My impressions (after a few weeks of listening) are very positive.  The HEDDphone is one of the rare instances where good technicalities can be found along with good frequency response.

I enjoy a lot the tonality. I think it’s one of the best among many high-end headphones. I would say it’s a tad on the warm side of neutral, with good timbre but not as natural sounding as the Sennheiser HD580 (my absolute reference for timbre/tone) and some of the ZMF headphones.

Bass extension is very respectable, better than most dynamic headphones but not as great as a good planar. I hear less impact at 25-30 hz (I don’t really pay attention to the range below that) than 40 hz. It’s a minor recession of the sub-bass only bested by planars. Rarely noticeable on most music, and the bass impact is general full and well rounded.

Midrange and treble are in my opinion more impressive than the bass. Very “balanced”, if not for a light touch of energy in the mid-treble and “air” region, after 10 khz. The midrange is pretty relaxed in the upper-mids region. It reminds me of a L700 midrange with less emphasis around 1 khz.

Technicalities are truely solid for 1700€ ($1900). Certainly one of the most competent headphones in that price segment.
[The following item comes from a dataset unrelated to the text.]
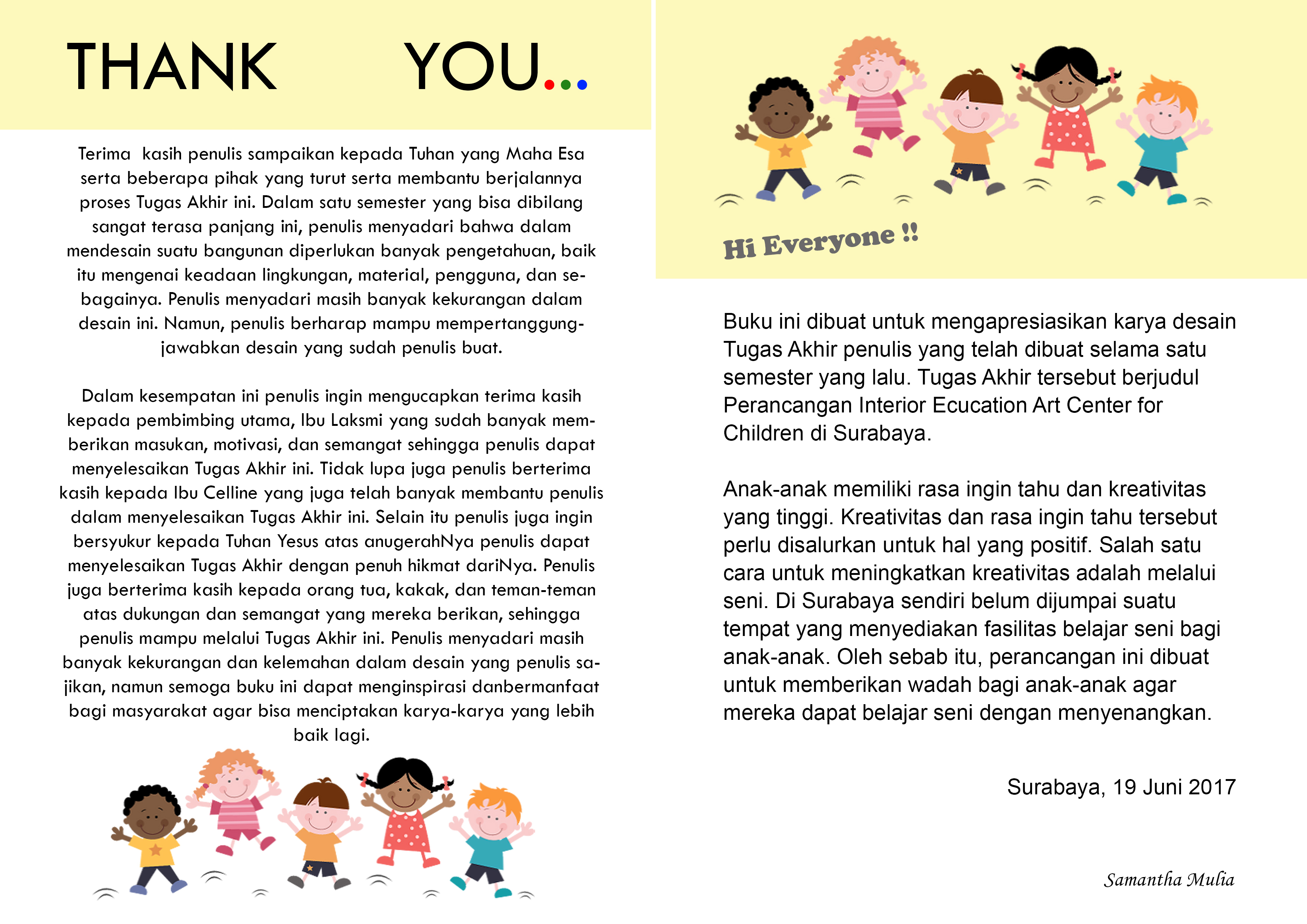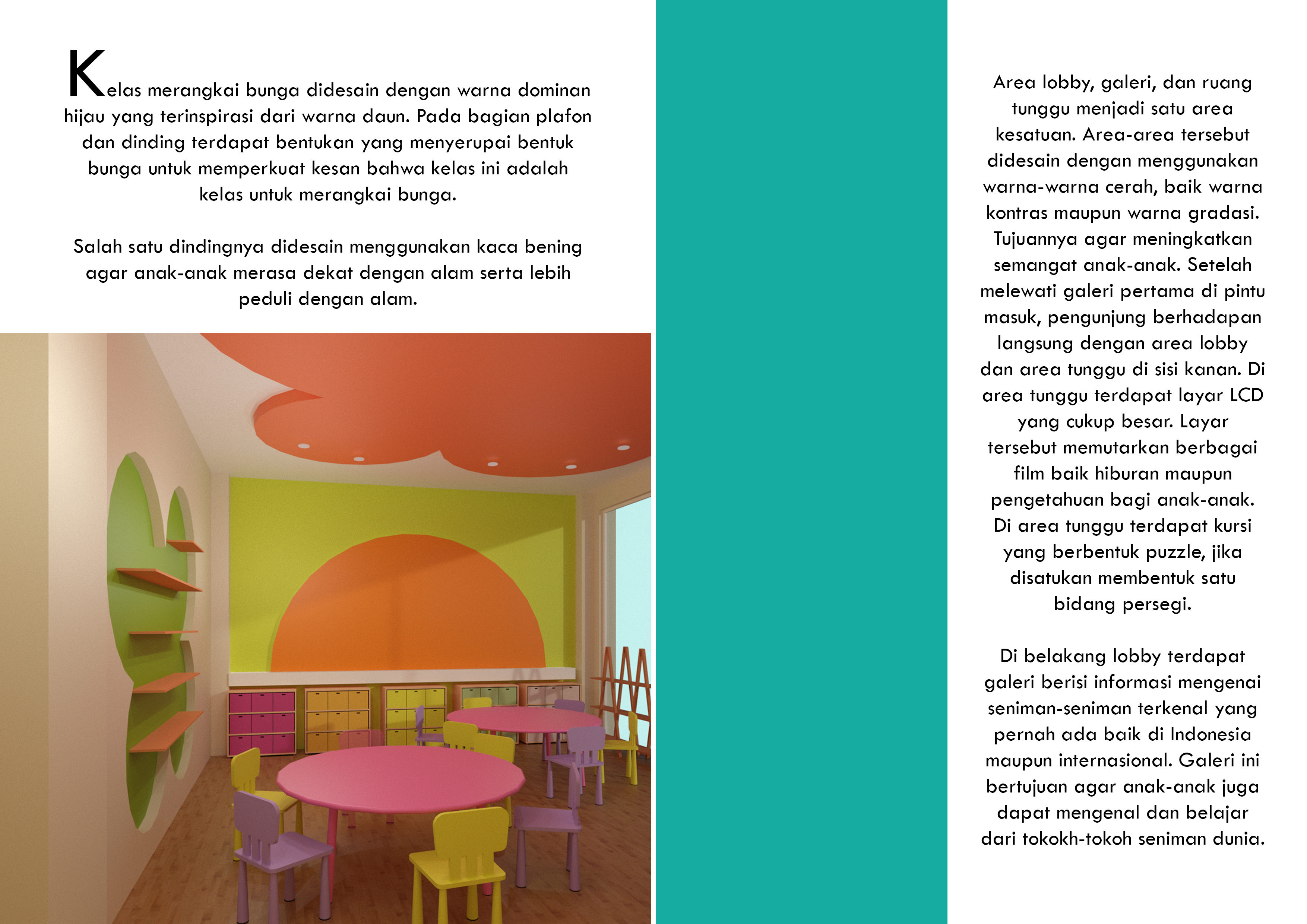 Anak-anak memiliki rasa ingin tahu dan kreativitas yang tinggi. Rasa ingin tahu dan kreativitas tersebut dapat diarahkan ke arah yang positif agar mereka menemukan bakat dan minatnya lebih dini. Kreativitas tersebut dapat disalurkan melalui seni. Perancangan ini menyediakan Pusat Pendidikan Seni bagi anak-anak untuk dapat mencoba hal baru serta meningkatkan kreativitas mereka sejak dini. Perancangan ini berisi fasilitas kelas-kelas seperti kelas lukis, clay, art paper, cake decoration, merangkai bunga, batik, kelas serbaguna dan fasilitas lainnya seperti perpustakaan, kafe, ruang kantor, lobi dan area bermain. Konsep “Eduplay and Fun” menciptakan suasana ruang yang menyenangkan serta menyesuaikan karakteristik masing-masing anak. Konsep diaplikasikan melalui permainan warna, bentuk dan ukuran.

Resolution and speed are top notch, and I would even say they compete well with the HD800 ; definitely faster, the decay reminds me of electrostatic headphone, and the HD800 (and other top-tier dynamic/planar headphones) can’t reach the HEDDphone speed and precision.
I would say it’s a tie in pure microdetails extraction between the HD800 and the HEDD. The latter one often sounds a bit cleaner on most track, and I attribute this to its quicker decay and smoother low-treble region. The 6 khz peak of the HD800 can often mask some detail.
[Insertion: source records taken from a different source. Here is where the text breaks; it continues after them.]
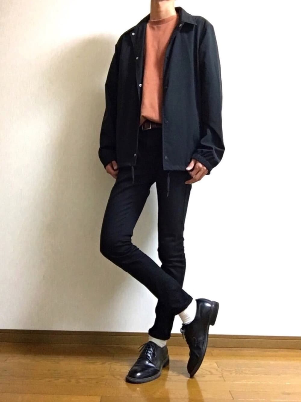 #006 綺麗めなアイテムにオレンジのTシャツをタックインしてみました✌️ オレンジと黒の組み合わせいいよね!?😆
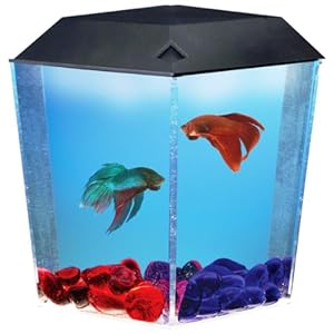AQUARIUS AQ11204 BettaView Brite Corner Tank holds a full gallon and features a lighted, removable hood and tank divider. The perfect home for Betta fish, this one gallon tank functions as an ideal night light for children's rooms. KollerCraft is highly r
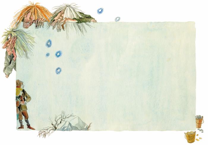 Один из троллей сложил руки трубой и крикнул через реки и горы, чтоб она поскорей принесла в Хедальский лес два стальных лука и два полных ведра серебра и золота.
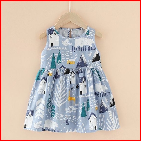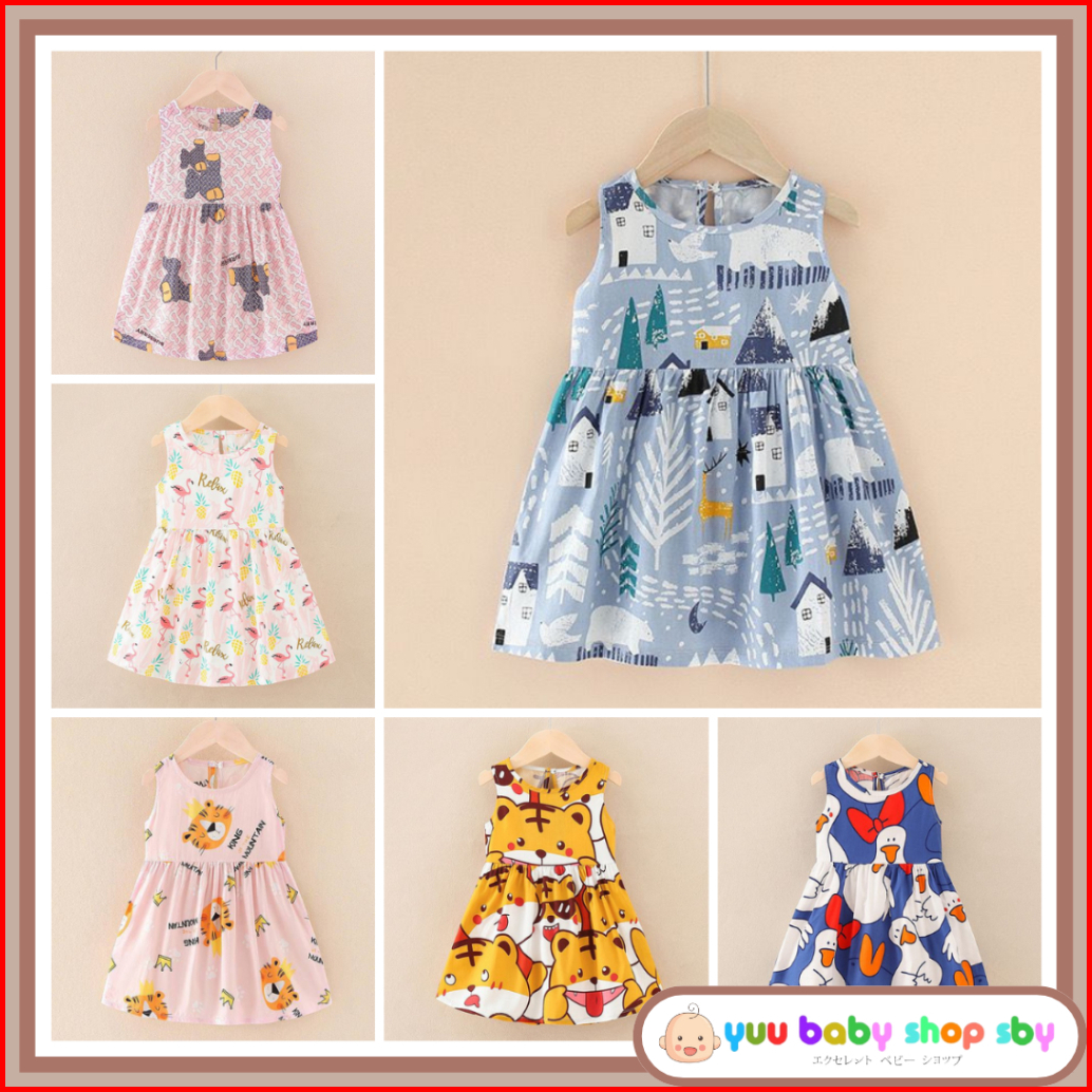 Ybss Dress Anak Perempuan Motif Karakter Animasi Lucu Fullprint Gaun Bayi Cewek Usia 0 4 Tahun Bahan Katun Jepang Adem S

The staging is not incredibely wide or tall, the HD800 and the oval cup Hifiman variants offer more height. It is large enough for me, and I’m not usually seeking big soundstage to the detriment of other aspects of the sound. All headphones sounds narrow next to any decent pair of speakers.

The HEDDphone is my new benchmark and reference for a “balanced” sound below $2000 new. Flagships headphones such as the LCD-4, Susvara, Utopia or Abyss 1266 will have an edge in resolution and dynamics but I don’t think any of them beats the HEDDphone in tonality. The LCD-4 would be quite warm, the Utopia or Abyss on the bright / metallic side. The Susvara might be a good competitor for tonality.